Le Ribault est d’abord recueilli par une amie, mais deux mois plus tard, un ami policier lui téléphone pour l’informer que ses collègues sont en route pour l’arrêter une nouvelle fois. Cinq minutes plus tard, caché dans le jardin, Le Ribault voit six policiers investir la maison de son amie.
Il s’en va pour se réfugier chez une autre personne, mais remarque le lendemain des voitures de police qui surveillent l’entrée de la maison. Il décide alors de s’enfuir en Belgique. "Il m’a fallu un mois pour arriver près de la frontière belge, où j’ai été caché dans une gendarmerie par un ami officier. Puis des policiers m’ont fait franchir la frontière en utilisant leurs cartes professionnelles. De là, je me suis rendu chez des amis belges, chez lesquels je suis resté caché quatre mois dans une maison isolée en plein milieu de la forêt des Ardennes".
De Belgique, Le Ribault part ensuite en Grande-Bretagne et rejoint finalement l’île de Jersey, où il séjourne depuis maintenant onze mois. Il est très conscient de sa situation d’homme désormais sans domicile ni identité officielle. Même s’il n’en parle jamais, il doit souvent comparer sa situation actuelle à celle de sa brillante carrière antérieure. "Mes amis m’ont aidé parce que je n’avais absolument plus rien. Je n’ai ni argent ni proches. Je suis dans l’illégalité, un apatride".
A Jersey, Loïc Le Ribault est devenu une attraction médicale ; il a utilisé son produit, désormais baptisé OS5, pour traiter des centaines de patients et même si, pour diverses raisons, certains l’ont déclaré inefficace, ses patients se sont avérés satisfaits dans leur grande majorité. La plupart de ceux qui ont été traités connaissent les plus gros problèmes de Le Ribault, et quelques uns, contaminés par la peur que peut susciter une telle affaire, ne souhaitent pas être interviewés. Beaucoup d’autres, toutefois, le supportent ouvertement dans ses efforts pour rendre accessible l’OS5 au plus grand nombre.

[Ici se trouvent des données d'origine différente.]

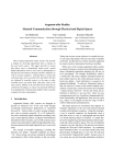Augment-able Reality: Situated Communication through Physical and Digital Spaces Jun Rekimoto Yuji Ayatsuka Sony Computer Science Laboratory Information Technology Laboratories Dept. of Information Science 3-14-13 Sony Corporation Tokyo Institute of Technology Higashigotanda, Shinagawa-ku Kitashinagawa, Shinagawa-ku Ookayama Meguro-ku Tokyo 141-0022 Japan Tokyo 141-0001 Japan Tokyo Japan rekimoto@csl.sony.co.jp aya@csl.sony.co.jp k-hayasi@is.titech.ac.jp Abstract Most existing augmented reality systems only provide a method for browsing information that is situated in the real world context. This paper describes a system that allows users to dynamically attach newly created digital information such as voice notes or photographs to the physical environment, through wearable computers as well as normal computers. Attached data is stored with contextual tags such as location IDs and object IDs that are obtained by wearable sensors, so the same or other wearable users can notice them when they come to the same context. Similar to the role that Post-it notes play in community messaging, we expect our proposed method to be a fundamental communication platform when wearable computers become commonplace. 1 Introduction Augmented Reality (AR) systems are designed to provide an enhanced view of the real world through see-through head-mounted displays[16] or hand-held devices[11]. Various kinds of context sensing technologies, such as position sensors[5, 4], or ID readers[11], are used to determine digital information according to the user’s current physical context. Compared with traditional information retrieval systems, users of AR systems can get context-aware information without being bothered by cumbersome operations that might impede the user’s real-world tasks. The concept of wearable computing is pushing this direction even further. Wearable computers are always ‘‘on’’ always acting, and always sensing the surrounding environment to offer a better interface to the real world. Kazuteru Hayashi Taking into account recent advances in wearable devices, we can expect that people will soon carry their wearables at all times, and that our lives will be constantly supported by context-sensitive information from those wearables. While most of the existing augmented reality systems are mainly focusing on context-aware information presentation, information registration interfaces for AR are yet to be investigated. For example, KARMA[4], which is a well-known AR system, displays information about the laser printer based on the current physical position of a head-worn display. Such information is assumed to be prepared beforehand. To add new information during a task, the user has to return to the normal computer environment. In that sense, current AR systems are essentially ‘‘context-sensitive browsers’’ for the real world, and information is limited to a one-way flow. Since two-way communication tools (e.g, E-mail) have fundamentally different functionality and applications from one-way tools (e.g., radio), we can imagine several new usages of AR if it allows bidirectional communications. This paper presents an environment that supports information registration in the real world contexts through wearable and traditional computers. Using this technique, a user of wearable computers can dynamically create a data item such as a voice or a photograph and can attach it to nearby physical objects or locations. To enable this, the system supports drag-and-drop operations between personal and context-sensitive spaces. The user of traditional computers can also add data to the physical environment through the Web and E-Mail interfaces. By combining these information flows, we can freely transfer data from physical space to digital space, or vice versa. We call such an environment "augment-able reality", because users of our system are not just browsing information situated in Wearable Computer Real World Environment Context-sensitive Information Physical Context Sensor Database As we can see in this example, the concept of augmentable reality can be summarized in features outlined in the following sections. Dynamic creation of augmenting information (a) Traditional Augmented Reality Systems Wearable Computer Real World Environment Context-sensitive Information Sensor Physical Context Database Voice, Photo, Dynamic Creation of Text, etc. Augmenting Information Commnication through situated Digital Information Room A Information Registration and Browsing through WWW and E-Mail Interfaces People wearing computers and having network facilities can dynamically create information and attach it to the user’s surrounding physical environment. From the system’s point of view, this is achieved by storing a created data item with contextual information obtained from several wearable sensors. Our current prototype supports infrared beacons and visual ID markers as contextual information. Another possibility is to use geographical locations based on GPS (global positioning system) or PHS (personal handy phone) as contextual information. There are several possibilities about data types that can be attached to the environment. Our current prototype supports voice notes and photograph snapshots. Other possible data types are text (created by a wearable keyboard) or hand-drawn strokes (created by a miniature touch panel). (b) Augmentable Reality Environments Figure 1: The Augment-able Reality Concept the real world, but can also create, attach, or carry the data with them. 2 Augment-able Environments Let us start with a scenario when augment-able reality becomes commonplace. When you enter the video studio, your eyeglass notifies you that a new video effector has been installed. You approach the effector and find a movie that was attached by your colleague, describing typical usage of equipment. Meanwhile, you find the VCR is broken and the tape has been damaged. You create a voice-note with a still pi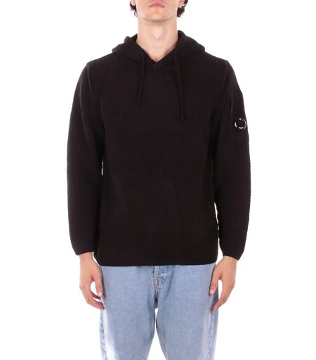 Felpa Uomo CP COMPANY Black Knitwear hooded in chenille co L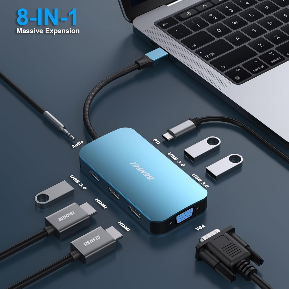 Hub USB C Benfei MST 8 em 1 Hdmi Vga Usb 3.0 100W PD Aux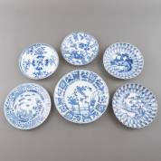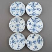 Serie van zes Chinees porseleinen schoteltjes met blauw-wit floraal decor, Qianlong -defecten, één gelijmd-, Ø 14 cm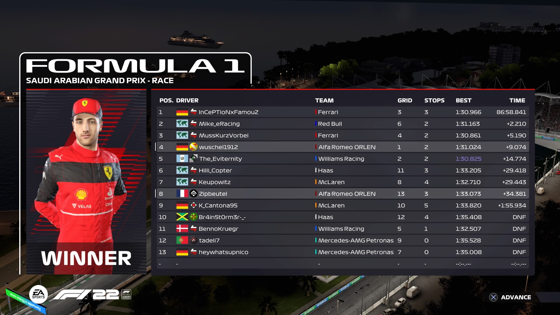 Rennen: Kurzer Text zum Rennen ( Vorfälle, besondere Überholmanöver, Gedanken zu Boxenstopps, Undercuts usw.)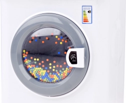 Lo sportello trasparente permette di vedere le palline colorate nel cestello, che ruota durante il lavaggio e simula l’effetto dell’acqua.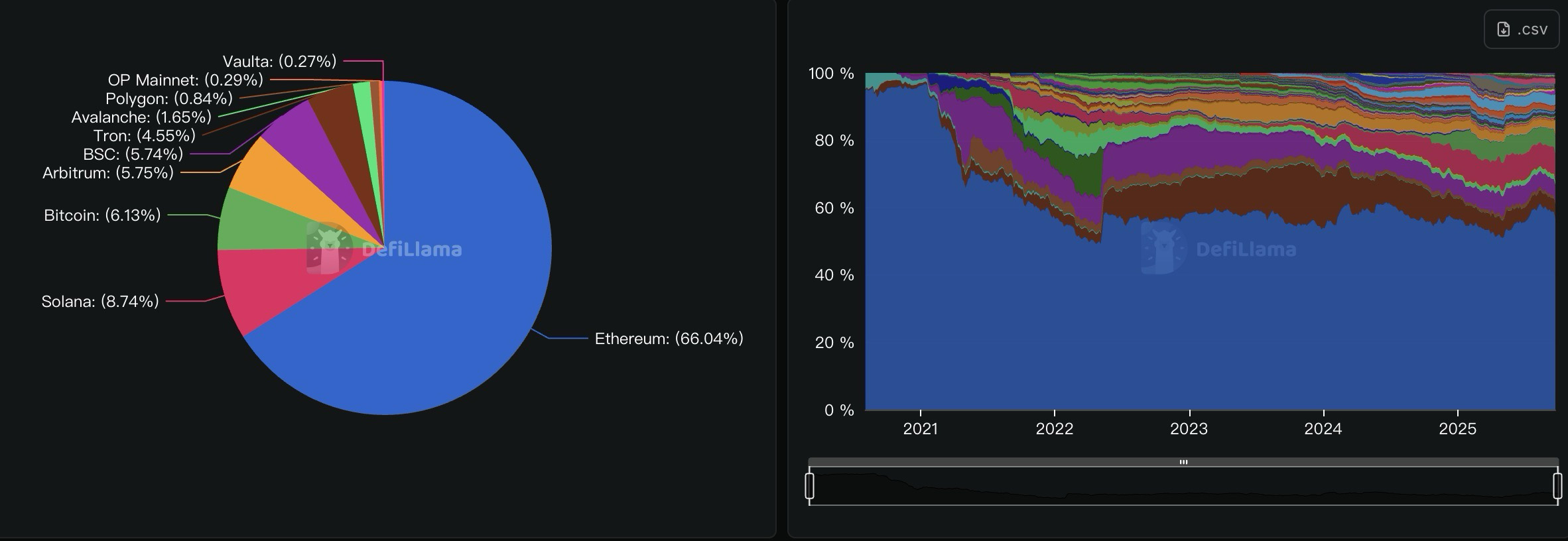 根据DefiLlama统计,迄今整个DeFi 已经有超过1,500 亿美元的总锁仓价值(TVL),而光是以太坊就占了66% 的市占率。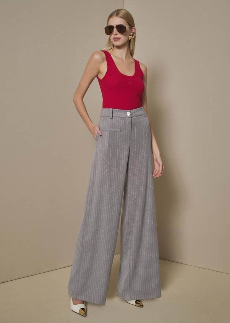 A calça wide leg listrada em tom cinza é a escolha ideal para um visual sofisticado e contemporâneo. O caimento fluido alonga a silhueta, enquanto as listras verticais reforçam o toque elegante e moderno. O fechamento frontal com botão metálico e os detalhes sutis de alfaiataria trazem um ar refinado, perfeito para produções de trabalho ou encontros casuais com estilo.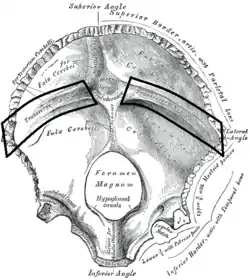 ![]() Human skull (parietal bones removed). Position of groove for transverse sinus shown in red. | |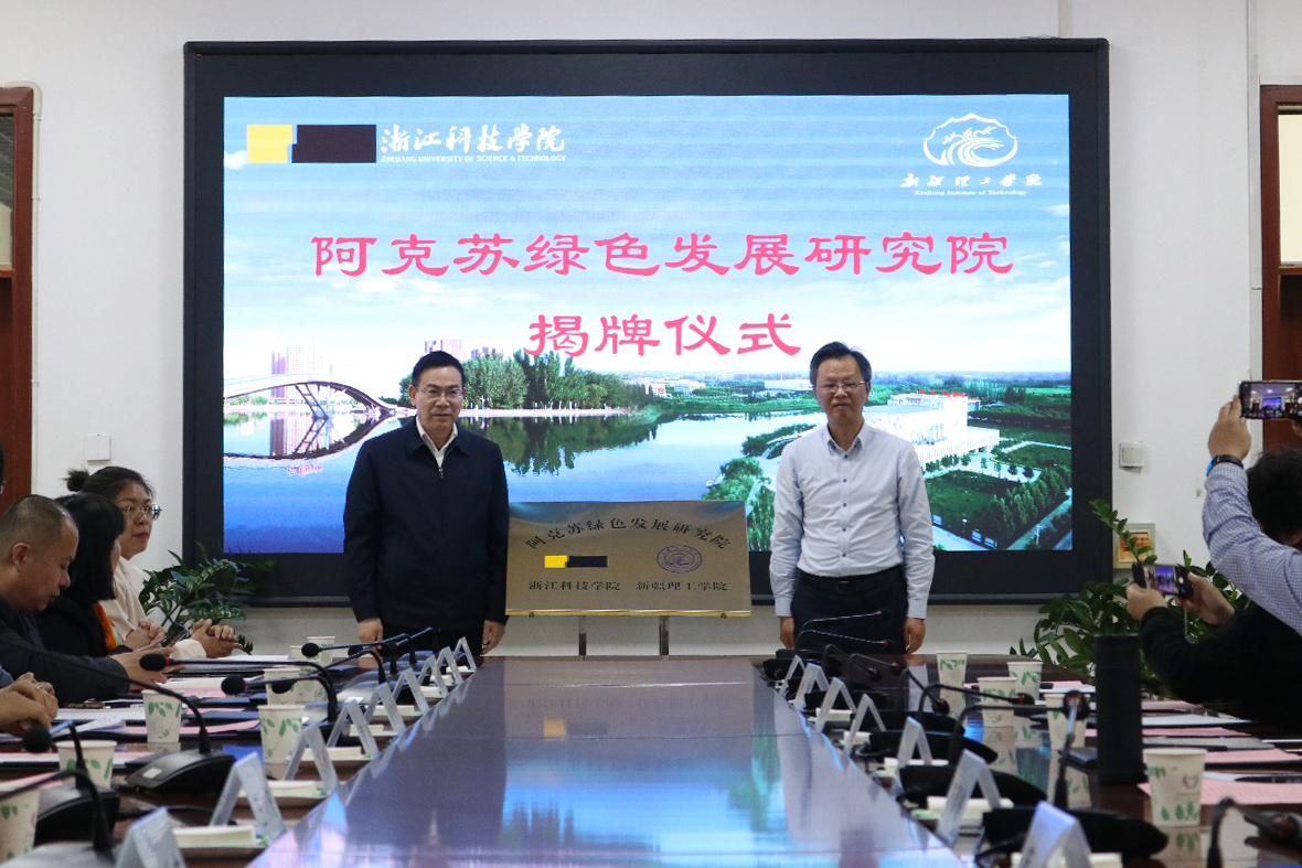 3月1日,校党委副书记符宁平一行赴新疆理工学院交流考察,并为申搏与新疆理工学院共建的“阿克苏绿色发展研究院”揭牌。新疆理工学院党委书记张百和、校长粟智,浙江省援疆指挥部相关负责人出席活动。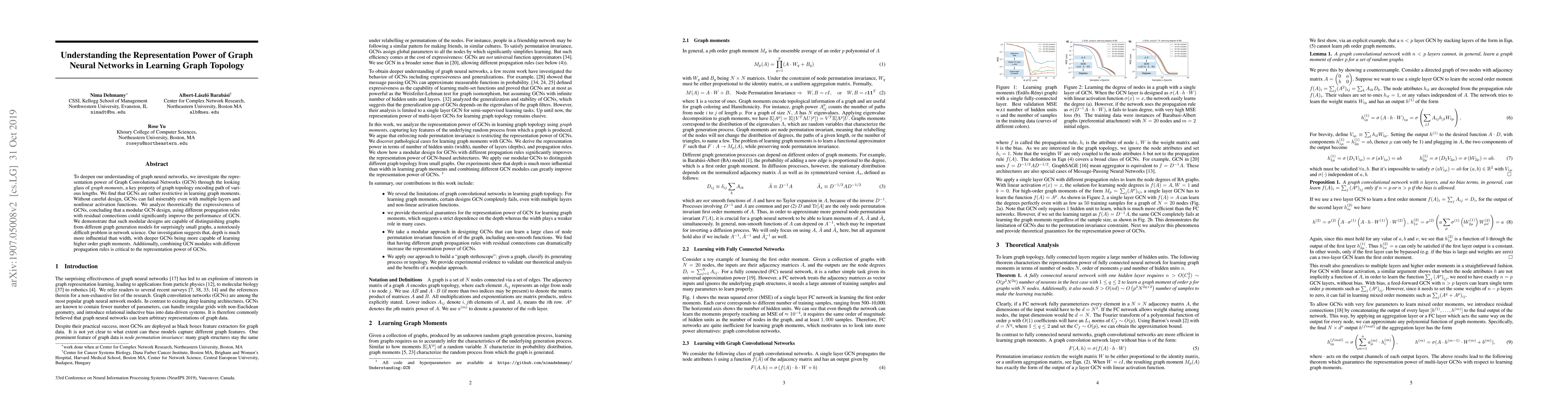 This paper investigates the limitations of Graph Convolutional Networks (GCNs) in learning graph topology, finding that GCNs struggle with graph moments. The study proposes a modular GCN design with different propagation rules and residual connections to enhance representation power, demonstrating that depth is more influential than width for learning higher-order graph moments.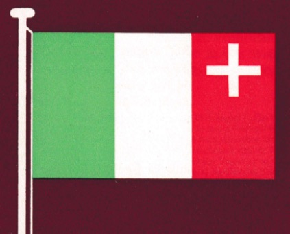 The colors are based upon the national colors of the herald of Neuchâtel, green and white the colors of rebellion and red and white, the colors of the Swiss flag. The cross was added in 1870 to distinguish the flag from the Italian flag. The flag of 1350 (or, on a pale gules, three chevronels argent) was discarded in 1848, but there have been three unsuccessful plebicites to reintroduce this flag (1921, 1931, 1954).
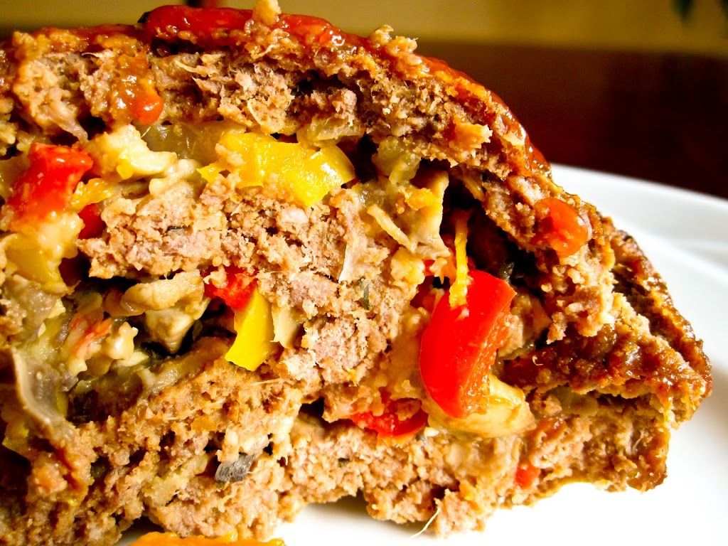 One a large sheet of waxed paper, form meat mixture into a 10×12-inch rectangle. Make sure edges are nice and straight, not jagged. Spread reserved vegetable filling over meat, leaving a 1/2-inch border. Sprinkle with cheese. Roll up meat load from the shorter (10-inch) end, lifting the waxed paper to help get it started. Roll it as tightly as possible. Pinch seam closed.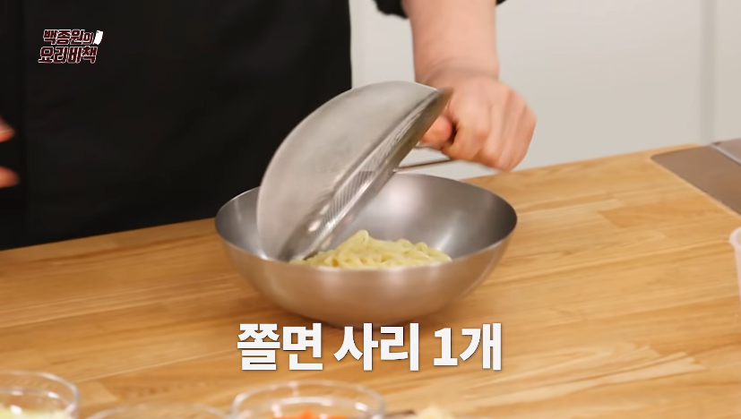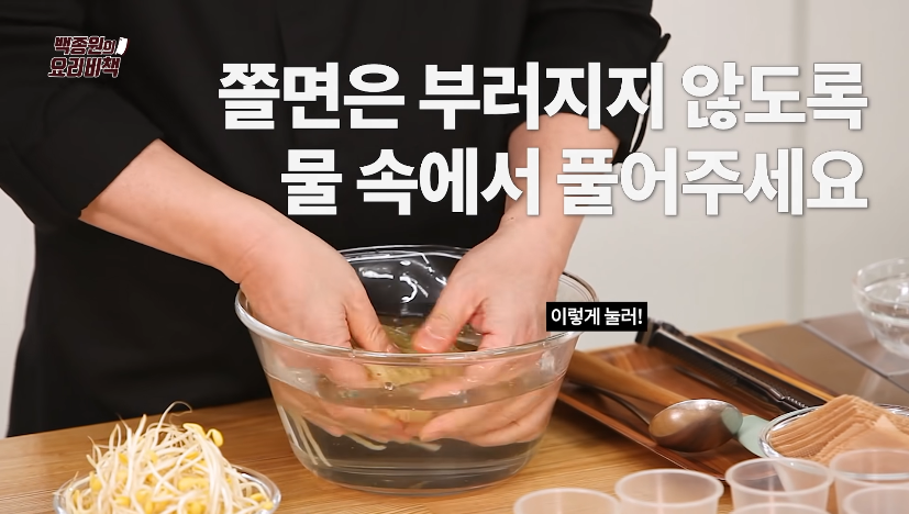 깊은 볼에 물을 받은 후 면을 넣고 끊어지지 않도록 살살 풀어 준비한다.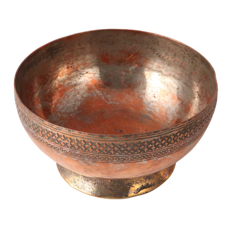A traditional bowl made of high quality copper brings a seductive flair to interiors. This decorative bowl is used for decoration, collecting and display. A handmade copper bowl by highly skilled and experienced artisans in Islamic art. This exquisite piece of art is now in high demand to decorate homes, restaurants, hotels, cafes and stores. A must have for your collection of vintage art. For centuries, these bowls have been the first choice for decorating experts to add a charming flair to interiors. Copper bowls are more reliable and durable than plastic bowls. Use them as a fruit bowl for your dining table or a flower pot for your hallway. An incredible gift for any special, festive and auspicious occasion for your loved ones.
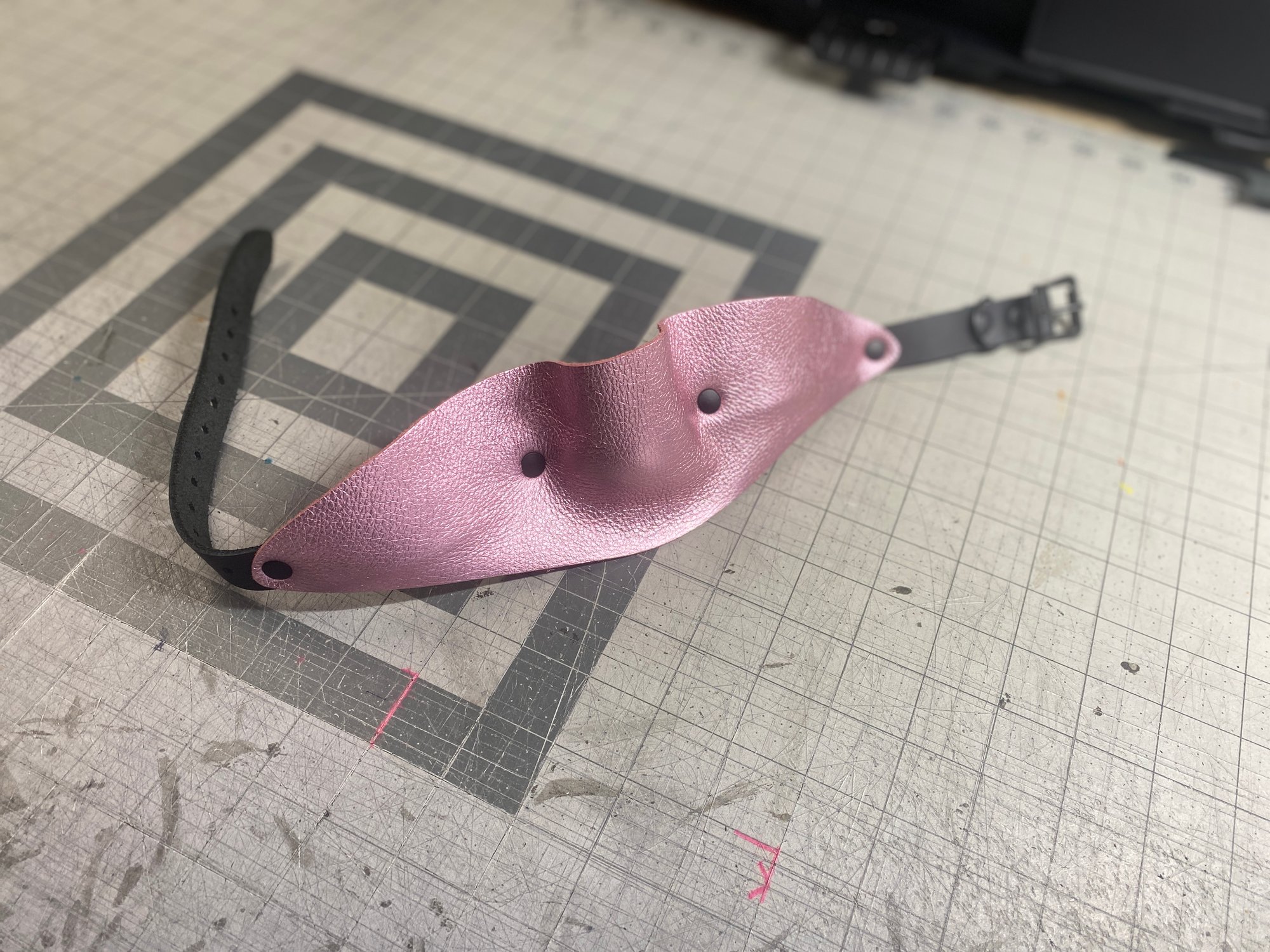This listing is for a single strap panel gag using a pink metallic pebble look leather. I saw this color and wanted to try it out. I used black hardware with a standard buckle and a 2 inch pink silicone ball.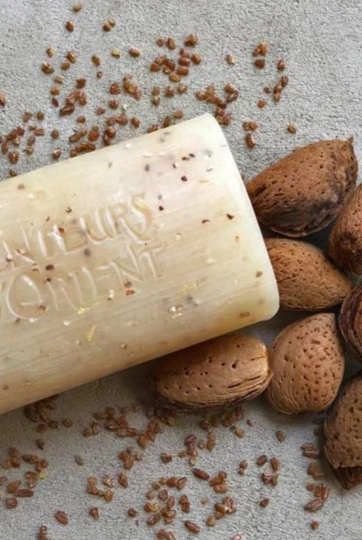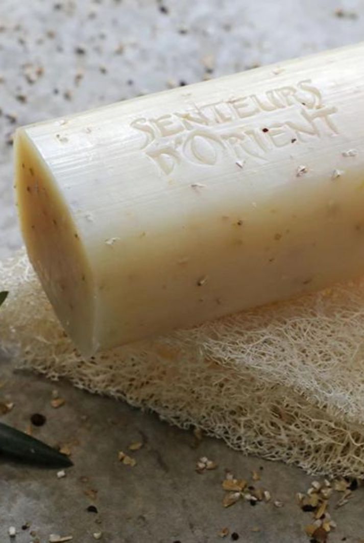 Enhance your daily ritual with our classic rough-cut Almond Exfoliating Soap, handcrafted by local artisans in Lebanon and air dried for ten days. Each pure vegetal bar blends olive oil, shea butter, glycerin, and vitamin E to soften the skin while creating a rich, nourishing lather.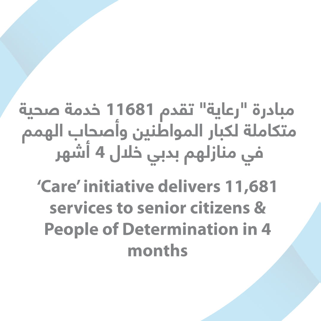 قدمت مبادرة "رعاية" التي أطلقها سمو الشيخ حمدان بن محمد بن راشد آل مكتوم، ولي عهد دبي رئيس المجلس التنفيذي لإمارة دبي، رئيس اللجنة العليا للتنمية وشؤون المواطنين في مايو الماضي، 11681 خدمة صحية متكاملة مخصصة لكبار المواطنين وأصحاب الهمم في منازلهم بدبي، وذلك خلال 4 أشهر.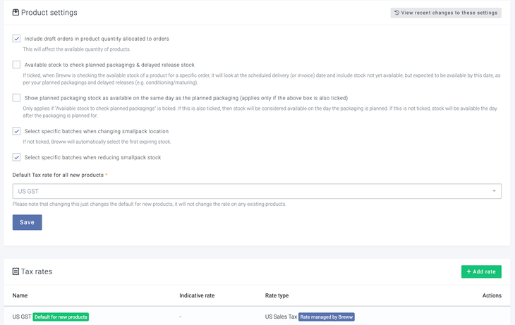 Each product in Breww is linked to a tax rate. This can be our managed "US GST" rate (where the actual rate percentage depends on who is buying the item), or one that you manage yourself with a fixed rate that you define.

Premières guérisons à Jersey

Maria de Jesus est une vigoureuse et exubérante jeune femme de Madeire, âgée de 33 ans, qui vit à Jersey depuis 22 ans. Au début de cette année, en s’entraînant pour la course de 150 miles dans le désert du Sahara (le Marathon des Sables), elle se brise presque la cheville en trébuchant dans un trou.
A peine cinq semaines avant le départ du Marathon, les médecins de l’hôpital lui donnent des béquilles et lui disent qu’elle ne pourra en aucun cas être remise à temps pour la course. Elle-même s’en persuade de plus en plus, lorsque qu’après une semaine et demi de soins intensifs de kinésythérapie, elle n’enregistre aucun progrès.
Un ami lui suggère alors de prendre un rendez-vous avec Le Ribault. "Mon ami lui a téléphoné à 8 heures du soir, et il lui a dit de venir. Je lui ai parlé de ma cheville, il l’a étudiée et m’a déclaré que je serai en mesure de faire le Marathon. J’étais très sceptique et je ne l’ai pas cru. Il m’a ordonné de boire une cuillère à soupe de produit tout en appliquant un cataplasme sur ma cheville. J’étais un peu inquiète, mais prête à tout pour être en mesure de courir".
Maria dit que quelques jours après avoir commencé à utiliser l’OS5, elle s’est senti plus énergique, et à commencer à faire du jogging. Une semaine après le début du traitement, sa cheville était entièrement guéri. Trois semaines plus tard, Maria partait pour le Maroc, où elle pouvait effectuer l’épuisante course de 150 miles à travers le désert.
Maria a conseillé à nombre de ses amis d’utiliser l’OS5 et de rencontrer Le Ribault, et déclare que jamais l’un d’entre eux ne s’en est plaint. "Il s’agit d’un traitement sans aucun effet secondaire et il devrait être librement accessible au public. J’espère que Monsieur Le Ribault pourra ouvrir sa clinique dans l’île".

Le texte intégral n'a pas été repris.